My husband asked me to marry him before consulting my parents. At the time, because of our conservative religious backgrounds, it was slightly scandalous -- but we got over it quickly.

It is her and his choice, not their parents.
 

freethinker44

Well-Known Member
I didn't ask for permission. It wouldn't have stopped us from getting married so I don't see what the point is. Just some outdated tradition.
 

Drolefille

PolyPanGeekGirl
I already would have asked my girlfriend first. But if that was going to be a problem, I think we would have known that they wouldn't approve already. And so we probably would be getting married anyway.
 

bobhikes

Nondetermined
Premium Member
No doubt family is something you also get with a marriage, but explicitly asking them for your future spouse's hand in marriage is to reduce them to the level of a car or a dog or a pair of pants.

Only if you believe this to be so. I see it as the parents of my wife are important to her. It is important to make a good impression on her parents. My wife asked me to ask her father.

I would have took them out to dinner and told both parents that we wished to get married and would like their approval.
 

Levite

Higher and Higher
and if their reason was because you guys don't have the same religious beliefs, and that's the only reason why they don't give you their blessing.
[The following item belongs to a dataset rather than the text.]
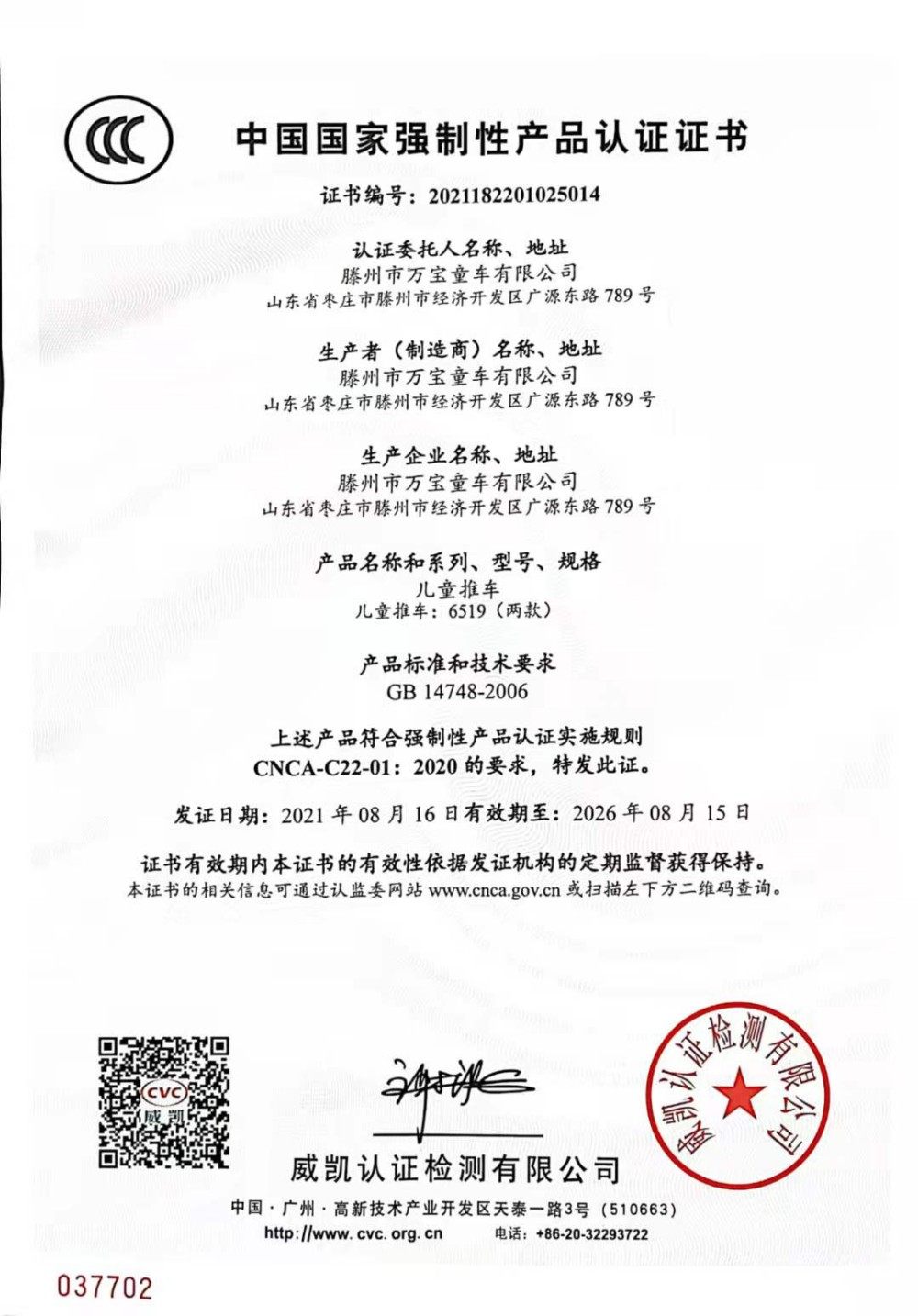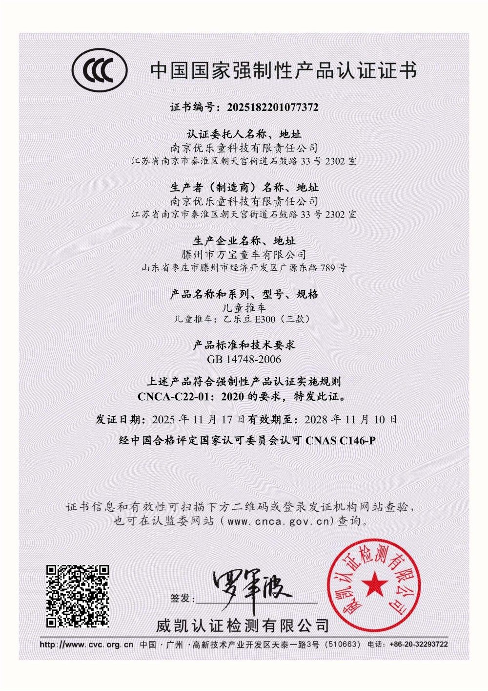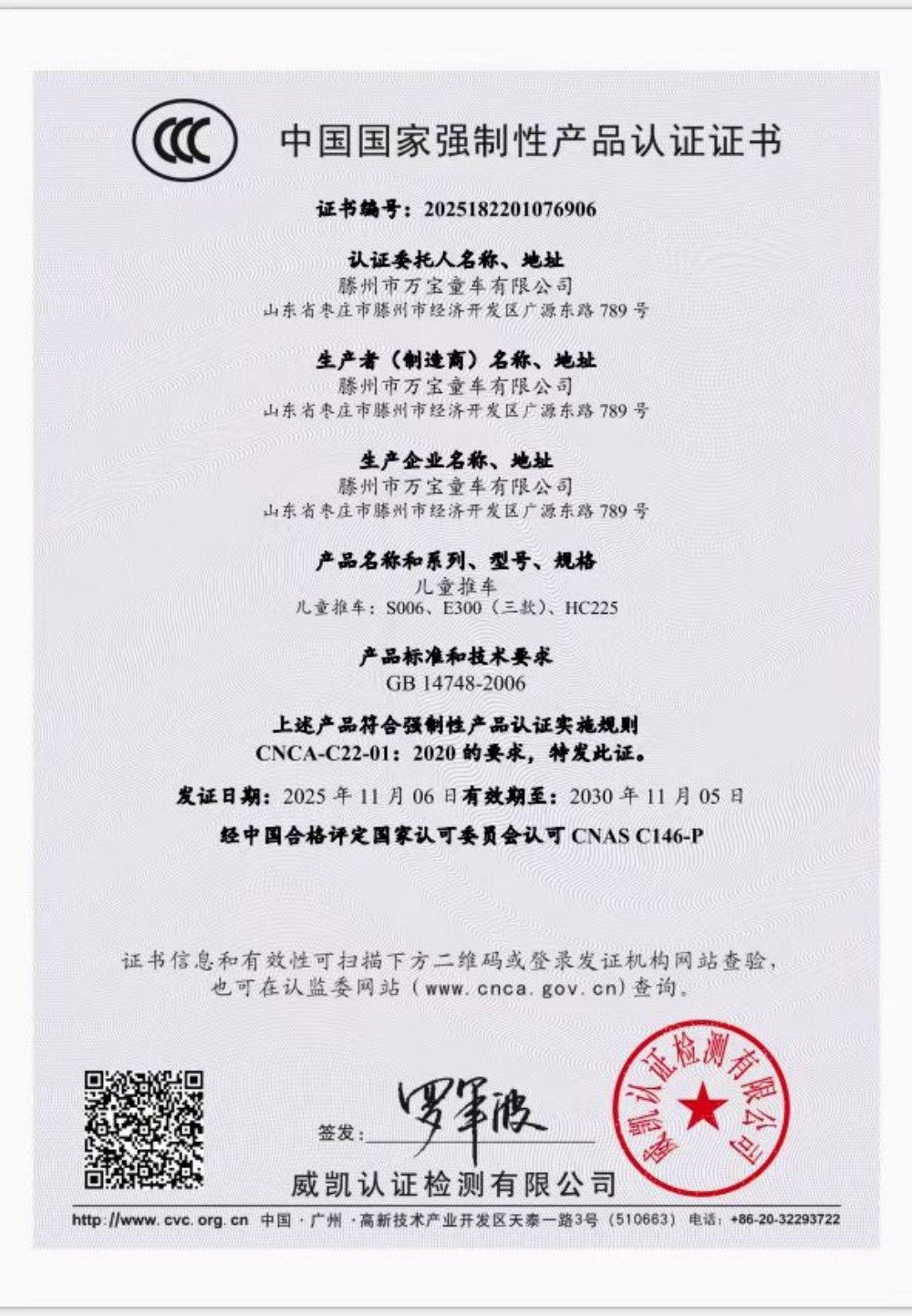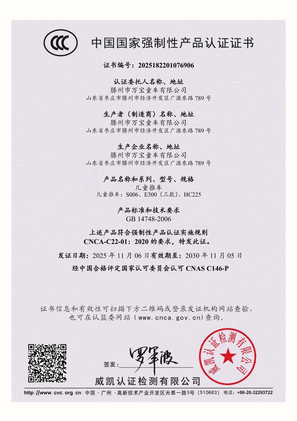 لقد اجتازت منتجاتنا شهادات صارمة تشمل CCC, وISO, وEU EN1888-1, وUS ASTM F833. ومن خلال الفحوصات الصارمة بدءًا من اختيار المواد وحتى الحرفية, نوفر تجربة تنقل آمنة ومطمئنة للأطفال.

would you still ask her to marry you, despite them refusing the blessing? even if she is still willing to marry you?

I would not marry someone of a different religion, so this wouldn't come up.

If this was a matter of me dating a Jewish girl, and her parents disliking me because I was either too Jewishly liberal or too Jewishly traditional for them, I would consider it unfortunate, but in the end, it's not up to them who their daughter marries. If the girl and I wanted to be married, we would get married, and her parents would just have to suck it up.

Fortunately, Mrs. Levite's family and I get along quite well, they see two rabbis as being a good match for one another....
 

DreadFish

Cosmic Vagabond
If it's ok with the woman that I marry, it's ok with me.

I like the idea of asking for a blessing, at least, because it's a nice gesture of respect toward the parents, showing them that you also care about family, but I would not let them stop us from marrying if we both wanted to. I don't think I would ask the father before asking the daughter.

Religion wouldn't really be a potential problem for me unless she was Abrahamic. That might make things difficult because my view is much different.
 

Nymphs

Well-Known Member
and if their reason was because you guys don't have the same religious beliefs, and that's the only reason why they don't give you their blessing.

would you still ask her to marry you, despite them refusing the blessing? even if she is still willing to marry you?

And in my personal situation, yes. I'm not going to give love up because someone else doesn't approve.
 

1137

Here until I storm off again
Premium Member
I probably wouldn't ask at all. While I'm a "gentleman" I don't think treating your love as owned property is very "classy". Goes without saying that if I asked and they said no I wouldn't mind at all. If religion is an issue then I think she would have told you so before hand.
 

edwinic

Member
and if their reason was because you guys don't have the same religious beliefs, and that's the only reason why they don't give you their blessing.

would you still ask her to marry you, despite them refusing the blessing? even if she is still willing to marry you?
Hi, what is a blessing? Why should it matter to you?
 

Apex

Somewhere Around Nothing
and if their reason was because you guys don't have the same religious beliefs, and that's the only reason why they don't give you their blessing.

would you still ask her to marry you, despite them refusing the blessing? even if she is still willing to marry you?
I refused to ask my wife's parents when I proposed. She even told me that her dad would be expecting it. I told her upfront I would not do it. It was her decision, not her parents.
 

BSM1

What? Me worry?
and if their reason was because you guys don't have the same religious beliefs, and that's the only reason why they don't give you their blessing.

would you still ask her to marry you, despite them refusing the blessing? even if she is still willing to marry you?

No offense, but what century do you live in?